For the last couple of months I've been working on some rather large changes for HKMP. Most of these changes will be somewhat transparent to the average user, but are (in my opinion) welcome and needed additions to HKMP. In this post I'll go over what I've been working on, why this was necessary, and how it all works in-depth.

It all started with the latest build for HKMP 3.0, where some people reported having trouble establishing a connection to another player. In some cases it took them up to 10 tries to get the connection going, and once it did, the rest of the session went fine. This, of course, got me thinking about two things: what has changed recently that causes degraded connections and why does it specifically impact only the initial connection and not further into the session.

And then it clicked. I had been discussing a particular shortcoming of the HKMP networking protocol with another developer a while back where it was not possible to send large amounts of data over the network without causing issues. I remember thinking about where the HKMP networking code limits the size of packets and how this could affect packets that reach a certain (critical) size. But I couldn't pinpoint any limits at all. Then I got thinking about how HKMP actually handles packets of a certain size and something clicked.

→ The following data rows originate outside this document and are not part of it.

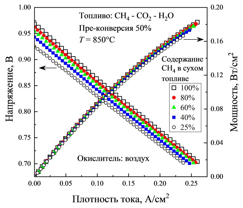Исследование направлено на решение проблемы утилизации низкокалорийных сбросных газов угольных шахт и полигонов твердых бытовых отходов. Основными компонентами свалочного и шахтного газов являются CH4, CO2 и N2. Низкая концентрация метана в таких газах затрудняет их утилизацию с использованием газопоршневых и газотурбинных установок. Технологии на основе твердооксидных топливных элементов (ТОТЭ) характеризуются рекордными КПД (до 65%), возможностью использовать различные виды топлива, экологической безопасностью, большим межсервисным интервалом и легкостью масштабирования. Поэтому использование сбросных газов в ТОТЭ для производства электрической и тепловой энергии существенно снизит нагрузку на окружающую среду. Эффективность и ограничения ТОТЭ, работающих на модельных топливных газах, содержащих 25–100 % метана, с внешним предварительным риформингом и без него, были оценены с использованием электрохимических испытаний и моделирования. Экспериментальные результаты (Рис. 1) показали, что ТОТЭ разработанной нами конфигурации с элементами промышленного размера (10×10 см2) позволяют использовать в качестве топлива газовые смеси с относительно низкими концентрациями метана по-прежнему обеспечивая достаточно высокую эффективность преобразования энергии. Это подтверждается результатами моделирования, показывающими, что даже при значительном разбавлении метана (до 10%) сохраняется возможность стабильной работы ТОТЭ с приемлемыми значениями мощности; КПД при этом падает незначительно (с 59% до 44%).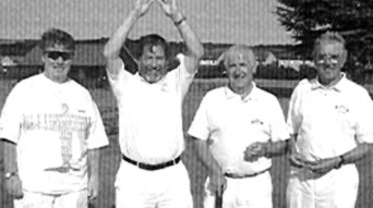 The winning team were awarded medals as a momento of their achievement at the prize giving, an event which was almost overshadowed by Derek Bradley cutting the first sod of Cheltenhams ambitious £55,000 redevelopment of lawns 9, 10 and 11.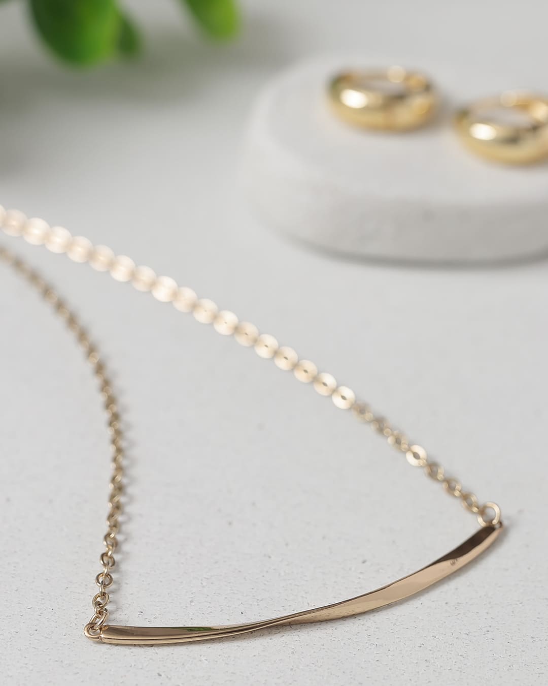 【10/24(金)20:00~新色追加!】【18KGP】半月モチーフプレートパールネックレス【日経WOMEN11月号掲載】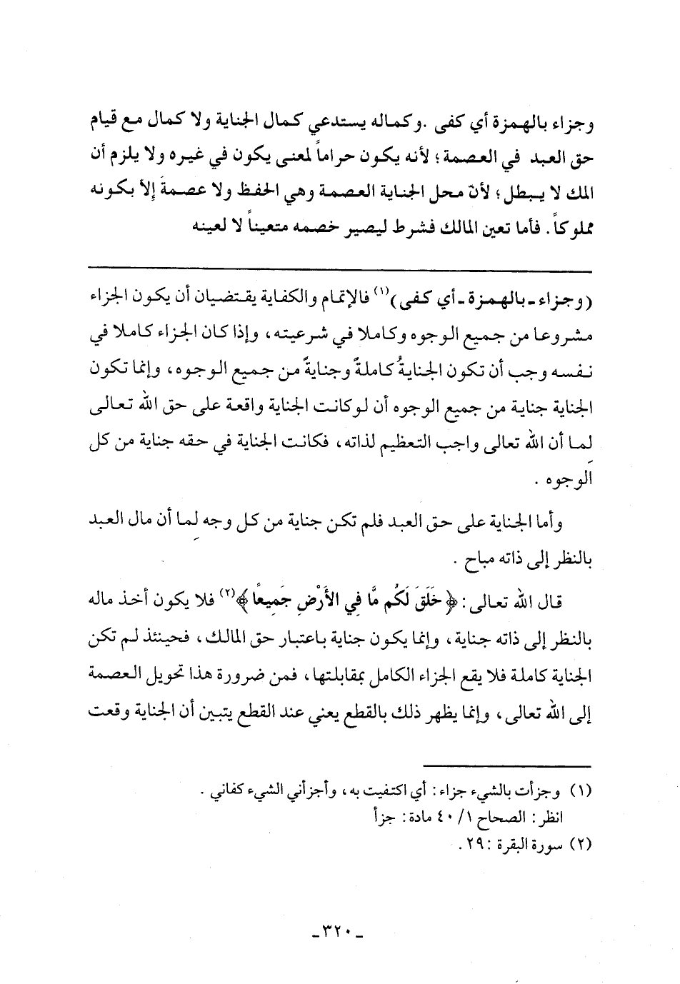 قال الله تعالى: {خَلَقَ لَكُمْ مَا فِي الأَرْضِ جَمِيعًا} فلا يكون أخذ ماله بالنظر إلى ذاته جناية، وإنما يكون جناية باعتبار حق المالك، فحينئذ لم تكن الجناية كاملة فلا يقع الجزاء الكامل بمقابلتها، فمن ضرورة هذا تحويل العصمة إلى الله تعالى، وإنما يظهر ذلك بالقطع يعني عند القطع يتبين أن الجناية وقعت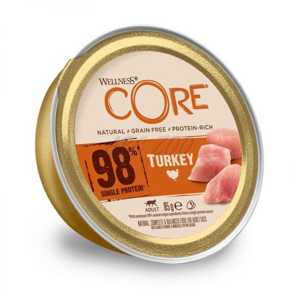 Składniki: 98,8% indyk [70% (serca, mięso, żołądki, wątroba, szyje), 28,8% rosół z indyka], 1% minerały, 0,2% olej słonecznikowy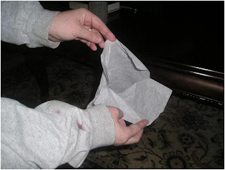 Take your tissue paper and gently separate the layers (most Kleenex tissue has at least 2 layers) being careful not to tear them. Eyeball the area you are going to treat first and make sure you have enough single layers of tissue to cover that area; including the door/window openings.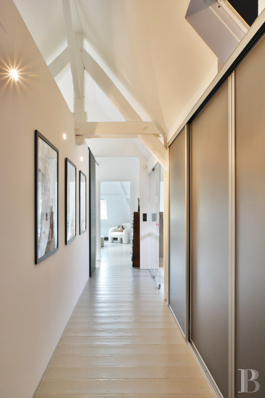 Accessible par l’escalier principal, il se répartit autour d’un long couloir bordé d’espaces de rangement et revêtu de parquets peints. Il distribue, à chaque extrémité, deux vastes chambres aménagées sous la pente du toit. Chacune dispose de sa propre salle de bains. Enfin, un studio autonome est situé au même niveau, mais desservi via le hall d’entrée par un escalier indépendant. Il comprend une grande pièce de vie qui inclut une chambre à coucher, une petite cuisine ainsi qu’une salle de bains.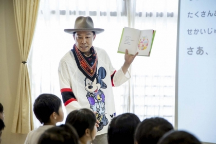 「ダンス」という世界共通の言葉を通して世界中を旅したUSAが、子どもたちへダンスの楽しさを伝えたいという想いで作られた絵本『ダンスアース』(木楽舎、2012年)。本作は絵本に登場する“ラブ"と“ピース"が、ダンスを通して世界を旅していく物語。USA自らダンスを絡ませながら読み聞かせを行うと、子どもたちは夢中になって絵本の世界に入り込む。終盤に差し掛かった「めちゃくちゃダンス」のコーナーで一気に子どもたちの興奮が高まり、最後の決めポーズで子どもたちとの間に一体感が生まれていた。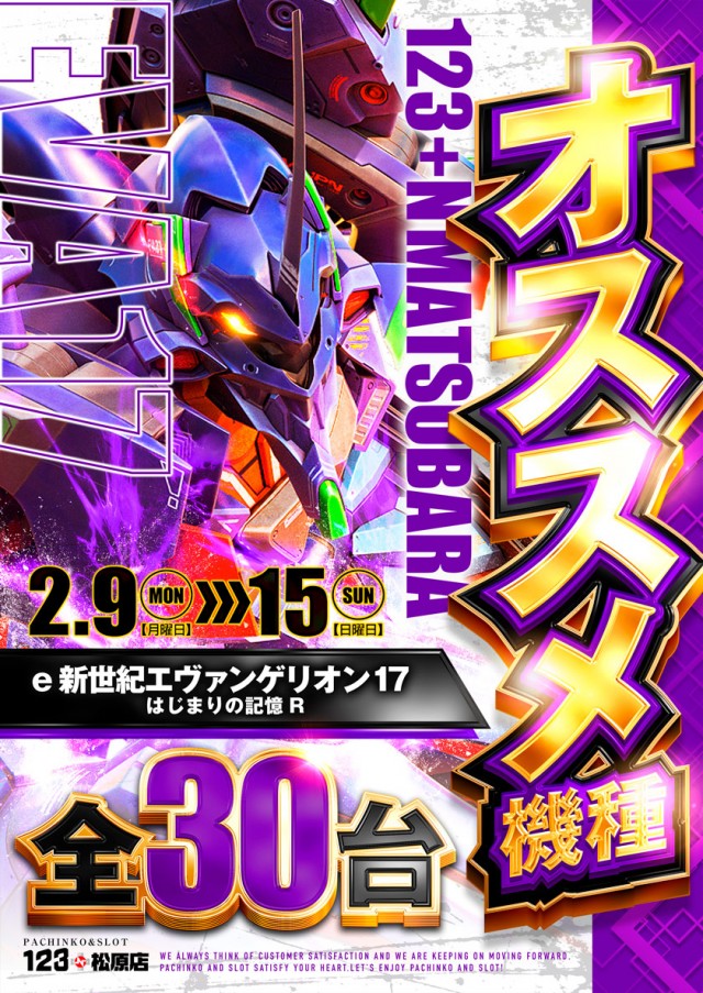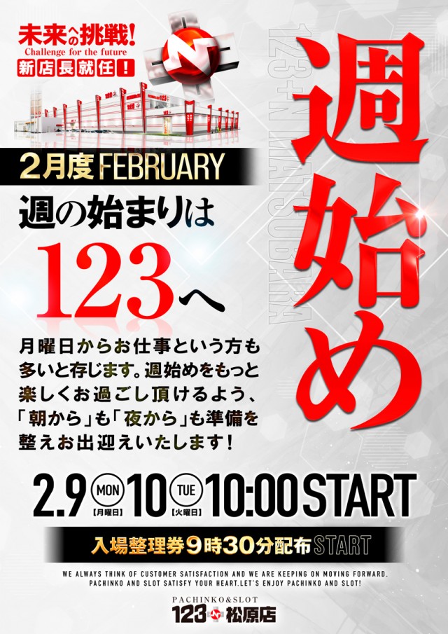 2月7日(土)123+N松原【PRIDE】全館10時開幕!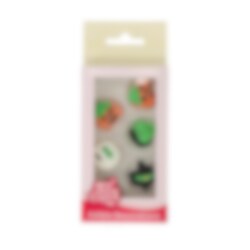 Näillä FunCakesin karmaisevilla sokerikoristeilla saat todellisen halloween-tunnelman! Tämä setti sisältää 4 kpl erilaisia yksityiskohtaisia halloween-hahmoja, jotka sopivat täydellisesti kakkujen, muffinssien tai torttujen koristeluun.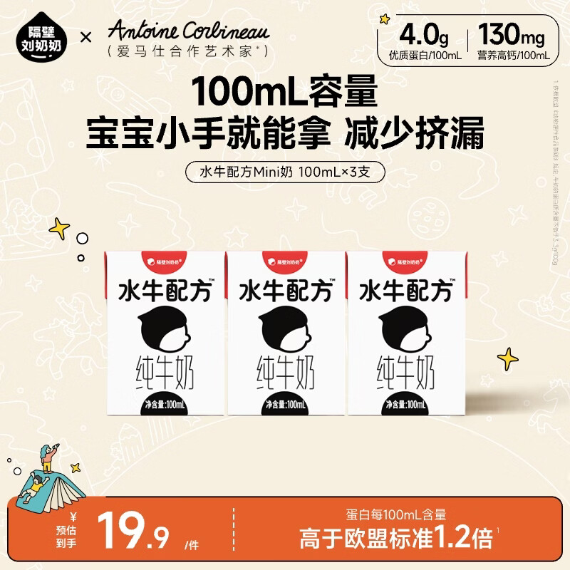 隔壁刘奶奶水牛配方纯牛奶100ml*3盒4.0g蛋白纯牛奶+水牛奶送礼礼盒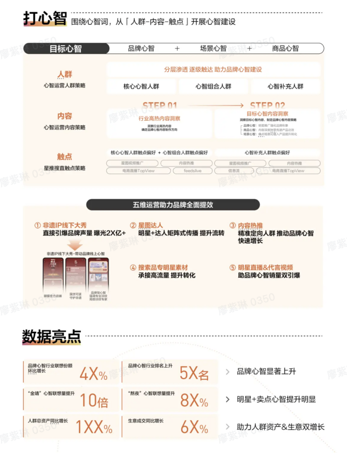 其次,围绕心智词,从“人群-内容-触点”开展心智建设,包括开启非遗IP线下大秀、合作星图达人矩阵式传播、内容热推、搜索品转承接高流量转化以及明星直播。抖音等级号交易平台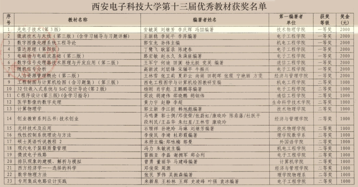 《光电子技术》(第3版)获sunbet申搏官网第十三届优秀教材一等奖(西电档案馆馆藏)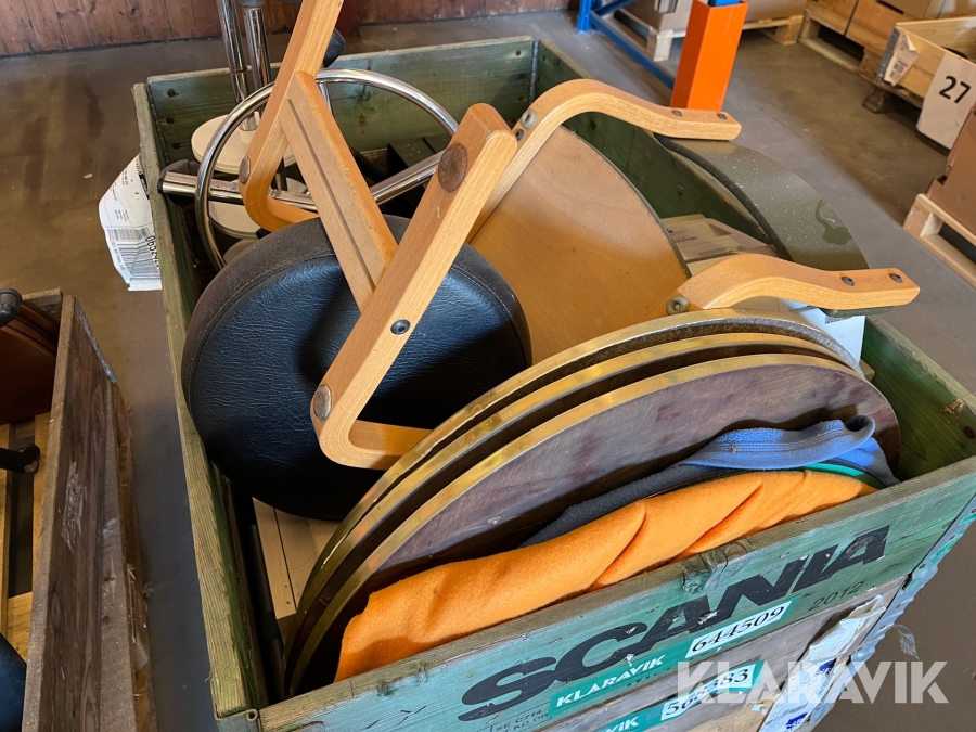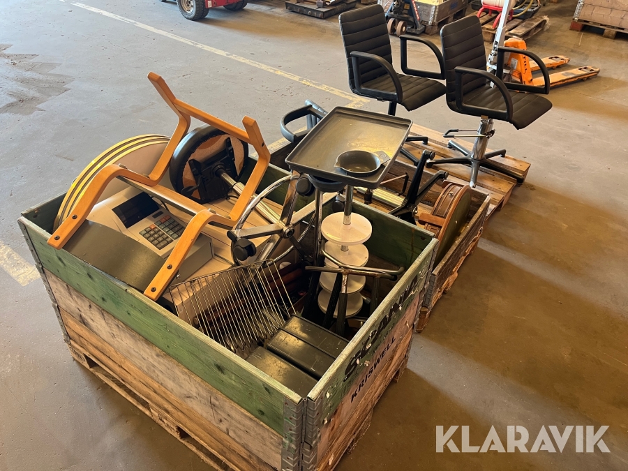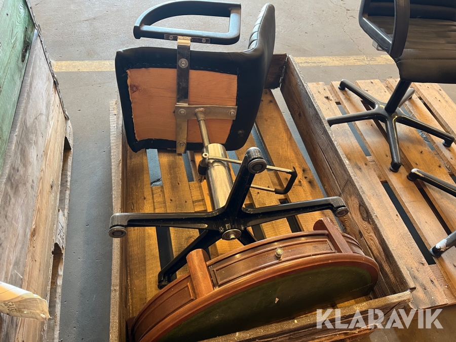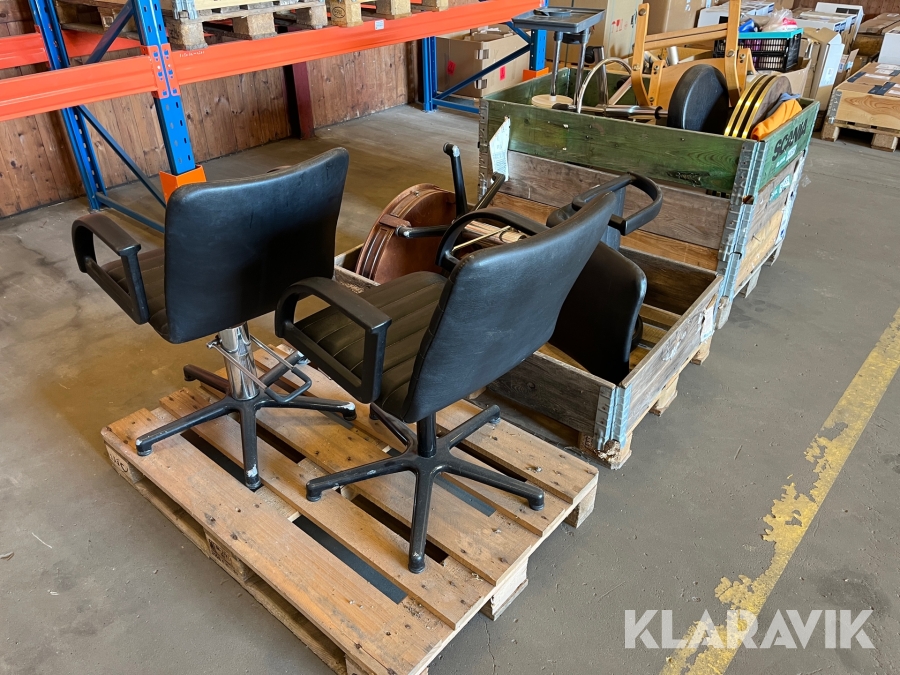 Frisør inventar stole, spejle, kasseapparat, borde - 3 paller

HKMP uses a technique called packet fragmentation and reassembly on packets that have a certain size. The packets we sent need to travel over the internet to get from the sender to the receiver. And the internet is comprised of a bunch of network switches that decide where the packet should go based on its destination IP address. These switches have an internal mechanism that can handle up to a certain size for each packet. If a packet exceeds this size, it will be broken up into smaller packets that each fit this size criteria. Naturally, given that the internet is very large and not necessarily well developed in all places, these network switches are not very powerful in terms of performance. This means that if it needs to break up a packet into smaller pieces and network those, it will have a performance impact on the time at which our packets arrive at our destination. For this reason, we want to do this fragmentation ourselves as our computers are much faster than these network switches and the result is the same. The size where we decide to fragment packets is when they exceed around 1400 bytes.

Now here is the kicker: HKMP has never had an issue with this system, given that the occasional packet would exceed this threshold, and it would be broken up. But with the introduction of save synchronisation in HKMP 3.0, suddenly, we are networking an entire save files from server to client that can be up 30 kilobytes(!) in size. And I hear you thinking, 30 kB is not very large nowadays, what is the problem then? Well, with packet fragmentation, this means that a packet containing the save file will be broken up into approximately 22 fragments. Each of these fragments is networked individually and once all fragments arrive at the other side, the packet is reassembled and read in its entirety. If you've read my other posts (or are familiar with game networking), you might already see where this is going. I'll explain it in short here, but if you want more details I recommend reading the other posts.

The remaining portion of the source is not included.